For bead displacement analysis to quantify matrix reorganization, time-lapse imaging on a Zeiss LSM 800 confocal microscope (Zeiss, Oberkochen, Germany) was performed, imaging at minimum every 10 minutes for 12 hours. Images were converted to maximum intensity projections, and single particle tracking was completed with TrackMate, a freely available ImageJ plugin36, and custom Matlab scripts. Beads were detected at each time point using a difference of Gaussians (DoG) detector with an estimated particle diameter of 5 μm and threshold of 1.0 with use of a median filter. Single particle tracking was completed using a linear assignment problem tracker with a linking max distance and gap-closing max distance of 50 μm and gap-closing max frame gap of 5 frames. Tracks were filtered to only contain particles detected throughout the entire time-lapse, and total displacement for each particle was calculated via custom Matlab scripts.

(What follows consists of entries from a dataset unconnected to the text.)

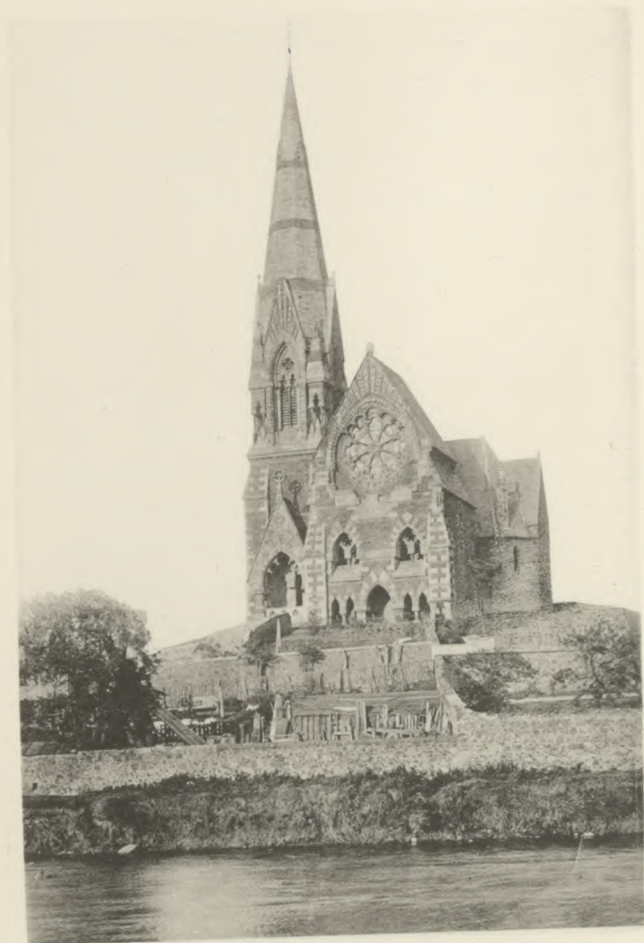
Maclure, Macdonald & Co., Glasgow.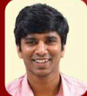
SHIYAD AIR 743 PCM PSIR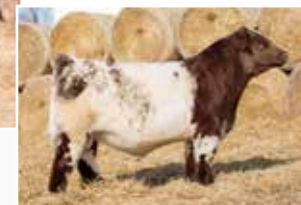
Eighteen Seventy Two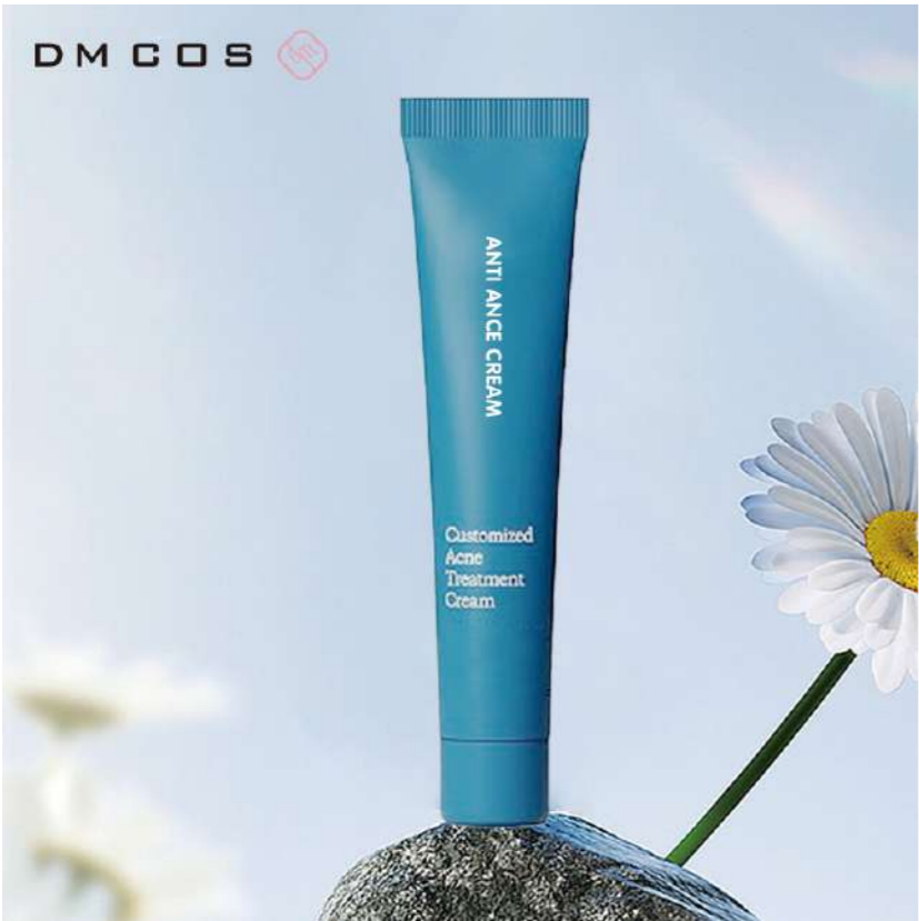
ANTI ANCE CREAM

Fluorescent staining and microscopy

ECs on Matrigel and DexMA fibers were first fixed in 4% paraformaldehyde for 10 min at room temperature. To stabilize the fibers for long term storage, DexMA samples were crosslinked in 2 mL LAP solution (1.0% w/v) and exposed to UV light (100 mW cm−2) for 30 seconds. To stain the actin cytoskeleton and nuclei, cells were permeabilized in PBS solution containing Triton X-100 (5% v/v), sucrose (10% w/v), and magnesium chloride (0.6% w/v), blocked in 1% bovine serum albumin, and stained simultaneously with phalloidin and DAPI. For fibronectin and VE-cadherin immunostaining, samples were fixed and permeabilized (cells were not permeabilized for fibronectin stain) as explained above, blocked for 1 h in 10% fetal bovine serum, and incubated with fibronectin antibody (1:2000, Sigma #F6140) or VE-cadherin (F-8) Alexa-Fluor 488 primary antibody (1:500, Santa Cruz Biotechnology, Dallas, TX) for 1 h at room temperature. Fixed samples and time-lapse microscopy were imaged on a Zeiss LSM 800 laser scanning confocal microscope. Unless otherwise specified, images are presented as maximum intensity projections. Cell area/perimeter and pore analyses were performed using custom Matlab scripts.


Statistical significance was determined by one-way analysis of variance (ANOVA) with post-hoc analysis (Tukey test) or Student’s t-test where appropriate, with significance indicated by p < 0.05. Sample size is indicated within corresponding figure legends and all data are presented as mean ± standard deviation.